(Beginning of Records supplied)

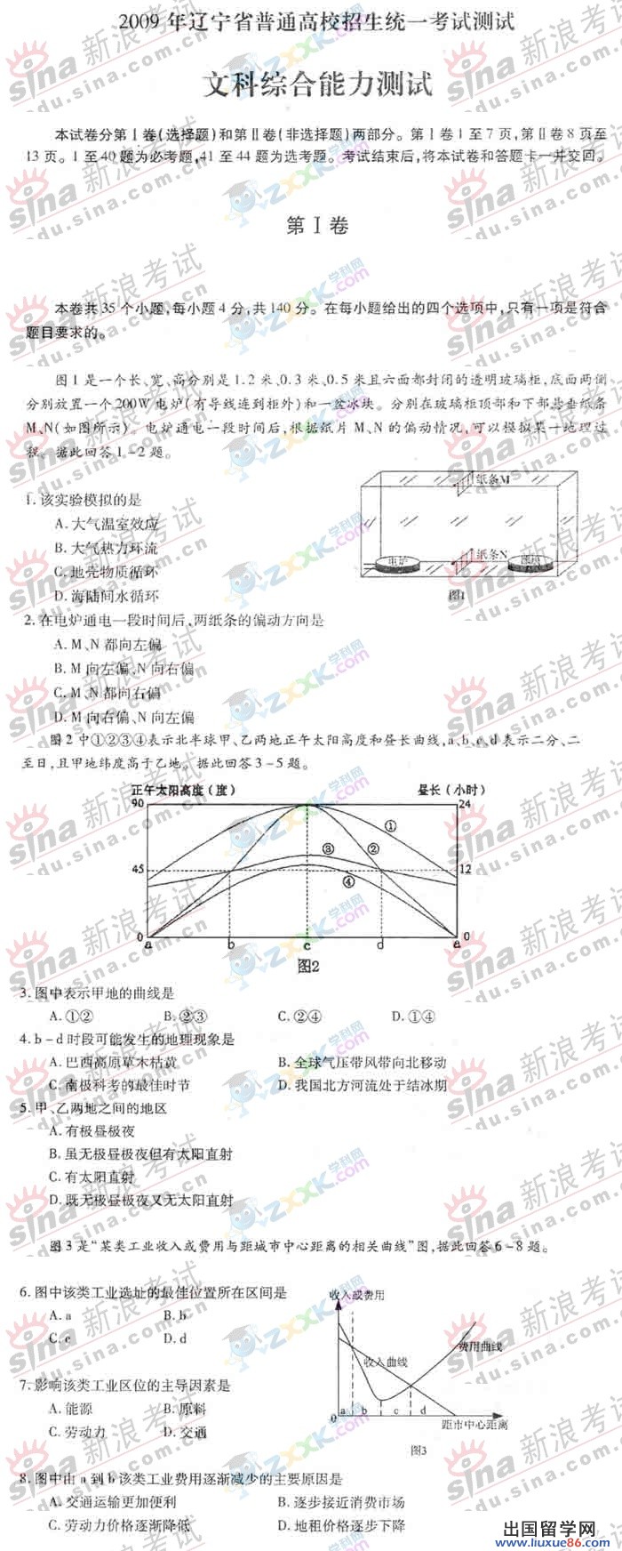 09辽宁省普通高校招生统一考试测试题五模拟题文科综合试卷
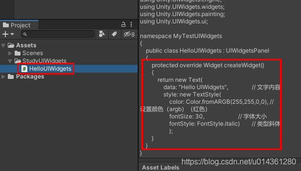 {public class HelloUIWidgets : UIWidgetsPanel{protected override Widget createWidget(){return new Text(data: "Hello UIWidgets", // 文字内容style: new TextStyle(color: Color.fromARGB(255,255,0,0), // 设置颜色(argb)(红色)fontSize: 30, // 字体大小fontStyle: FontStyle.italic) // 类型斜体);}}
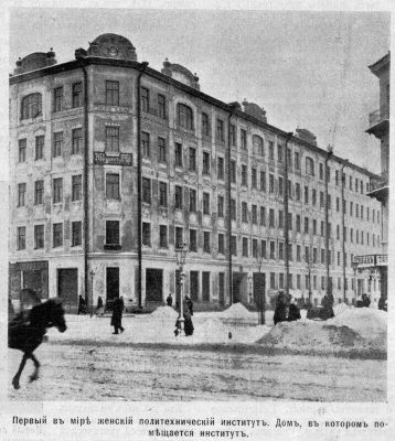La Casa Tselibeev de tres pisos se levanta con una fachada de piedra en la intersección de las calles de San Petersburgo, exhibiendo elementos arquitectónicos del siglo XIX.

(End of Records supplied)
(Beginning of Records supplied)

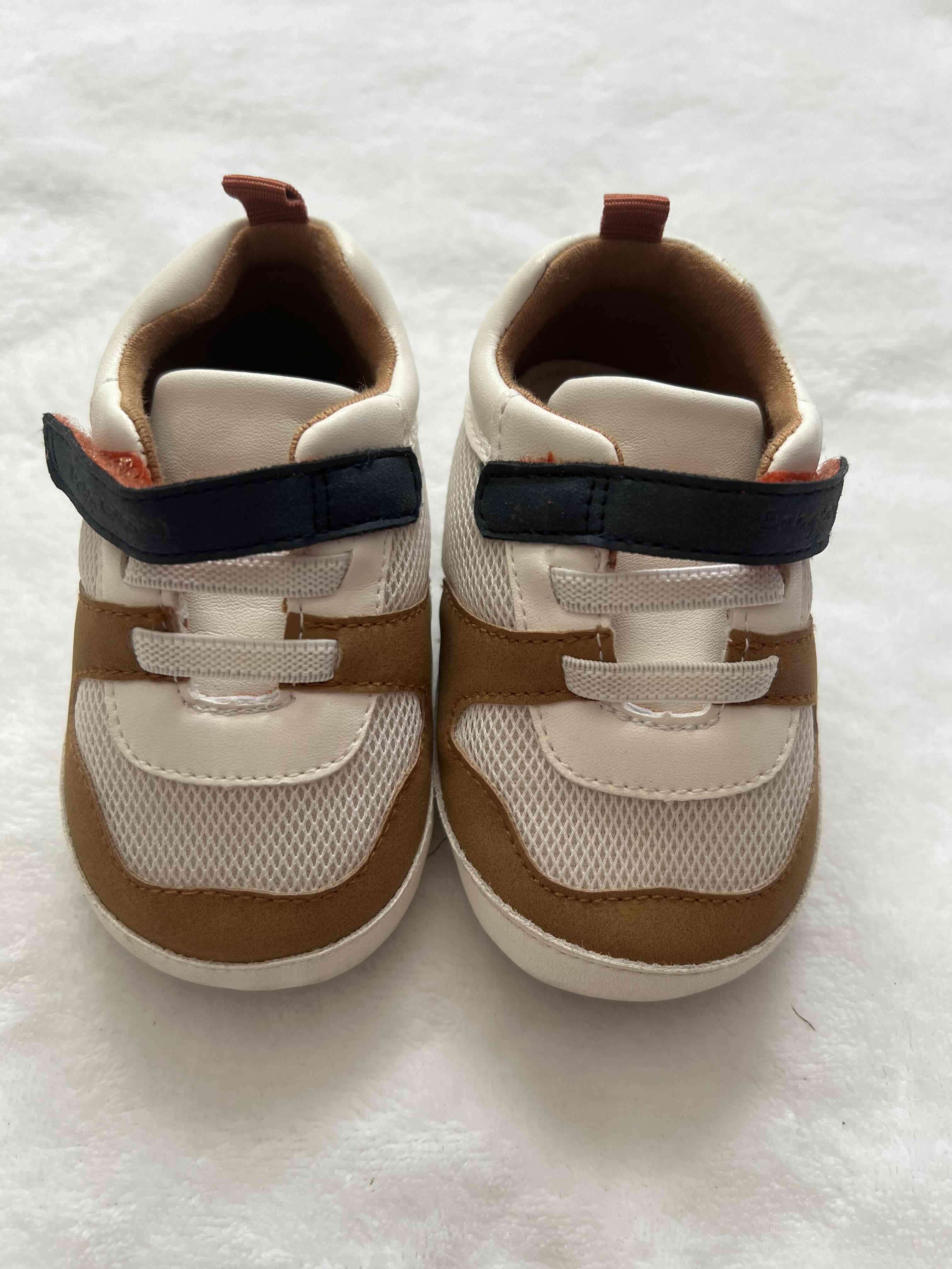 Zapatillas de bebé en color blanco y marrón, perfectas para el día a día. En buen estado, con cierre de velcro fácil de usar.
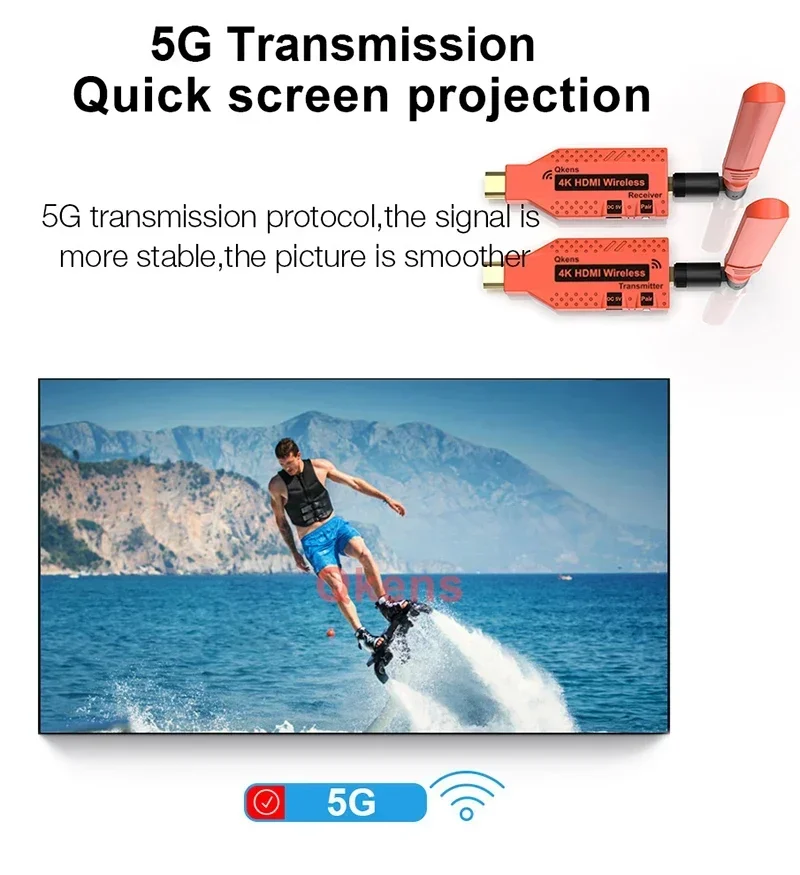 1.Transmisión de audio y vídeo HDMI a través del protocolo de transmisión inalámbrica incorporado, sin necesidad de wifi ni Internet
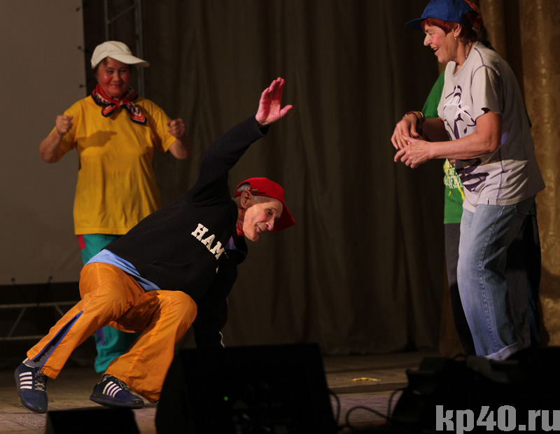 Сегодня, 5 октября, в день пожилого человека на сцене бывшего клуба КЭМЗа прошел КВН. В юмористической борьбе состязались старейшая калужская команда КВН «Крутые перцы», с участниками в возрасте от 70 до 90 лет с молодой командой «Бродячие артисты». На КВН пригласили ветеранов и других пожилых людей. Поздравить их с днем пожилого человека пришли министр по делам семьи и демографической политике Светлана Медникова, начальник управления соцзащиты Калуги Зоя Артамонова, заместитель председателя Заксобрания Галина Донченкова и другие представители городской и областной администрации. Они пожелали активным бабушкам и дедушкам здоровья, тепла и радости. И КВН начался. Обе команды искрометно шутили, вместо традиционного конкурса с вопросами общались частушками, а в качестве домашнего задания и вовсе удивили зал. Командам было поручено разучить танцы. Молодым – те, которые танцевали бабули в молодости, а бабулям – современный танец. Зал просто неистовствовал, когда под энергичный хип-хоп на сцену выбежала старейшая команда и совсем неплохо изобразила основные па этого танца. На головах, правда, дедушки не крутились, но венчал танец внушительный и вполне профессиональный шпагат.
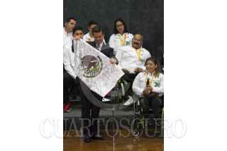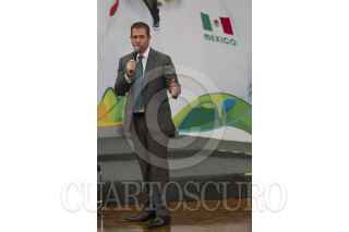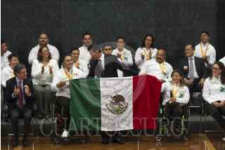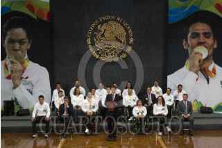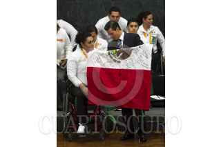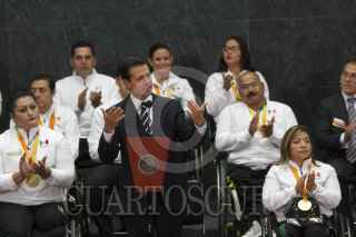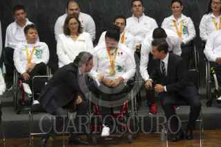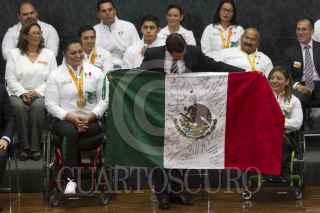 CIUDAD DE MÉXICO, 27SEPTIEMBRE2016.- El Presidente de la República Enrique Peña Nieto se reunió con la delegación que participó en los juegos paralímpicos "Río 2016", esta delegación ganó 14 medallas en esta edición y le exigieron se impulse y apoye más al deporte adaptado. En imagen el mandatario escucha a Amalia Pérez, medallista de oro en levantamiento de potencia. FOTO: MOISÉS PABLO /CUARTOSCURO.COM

(End of Records supplied)
(Beginning of Records supplied)

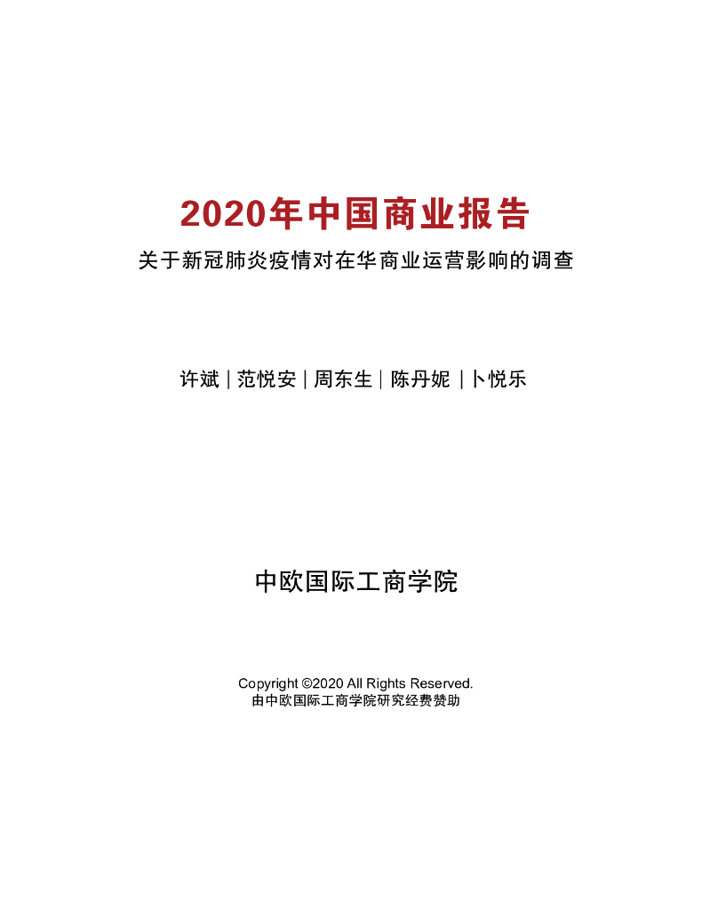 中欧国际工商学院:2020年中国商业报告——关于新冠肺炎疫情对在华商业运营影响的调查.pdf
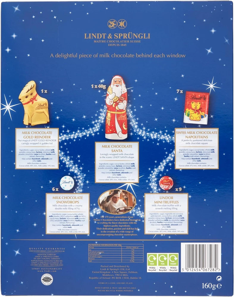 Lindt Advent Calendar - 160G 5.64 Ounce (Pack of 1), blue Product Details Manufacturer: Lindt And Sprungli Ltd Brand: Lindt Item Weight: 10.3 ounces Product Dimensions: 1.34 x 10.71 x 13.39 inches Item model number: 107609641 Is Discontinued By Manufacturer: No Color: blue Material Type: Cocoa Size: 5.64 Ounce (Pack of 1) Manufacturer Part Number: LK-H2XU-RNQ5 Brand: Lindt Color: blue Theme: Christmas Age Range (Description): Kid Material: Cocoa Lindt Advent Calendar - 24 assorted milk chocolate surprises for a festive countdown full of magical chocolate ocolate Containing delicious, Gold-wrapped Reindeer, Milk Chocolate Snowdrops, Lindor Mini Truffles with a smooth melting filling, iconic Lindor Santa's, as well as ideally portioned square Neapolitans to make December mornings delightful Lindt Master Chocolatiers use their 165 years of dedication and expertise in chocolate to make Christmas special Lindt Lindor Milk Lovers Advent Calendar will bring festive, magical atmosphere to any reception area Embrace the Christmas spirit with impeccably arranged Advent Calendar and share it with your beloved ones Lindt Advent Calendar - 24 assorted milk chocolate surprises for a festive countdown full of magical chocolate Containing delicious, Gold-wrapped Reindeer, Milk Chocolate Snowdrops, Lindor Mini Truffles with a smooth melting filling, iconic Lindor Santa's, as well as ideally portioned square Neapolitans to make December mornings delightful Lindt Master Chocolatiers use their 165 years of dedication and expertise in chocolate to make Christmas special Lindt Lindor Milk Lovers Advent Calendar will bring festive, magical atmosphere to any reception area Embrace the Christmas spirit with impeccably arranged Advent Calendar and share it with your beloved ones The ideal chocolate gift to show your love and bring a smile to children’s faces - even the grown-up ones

(End of Records supplied)

How to complete this task.
In the listing above, find the line containing "09辽宁省普通高校招生统一考试测试题五模拟题文科综合试卷" and the line containing "La Casa Tselibeev", then return both of them and every line between, exactly, without pictures.

Output of the task.
 09辽宁省普通高校招生统一考试测试题五模拟题文科综合试卷
 {public class HelloUIWidgets : UIWidgetsPanel{protected override Widget createWidget(){return new Text(data: "Hello UIWidgets", // 文字内容style: new TextStyle(color: Color.fromARGB(255,255,0,0), // 设置颜色(argb)(红色)fontSize: 30, // 字体大小fontStyle: FontStyle.italic) // 类型斜体);}}
La Casa Tselibeev de tres pisos se levanta con una fachada de piedra en la intersección de las calles de San Petersburgo, exhibiendo elementos arquitectónicos del siglo XIX.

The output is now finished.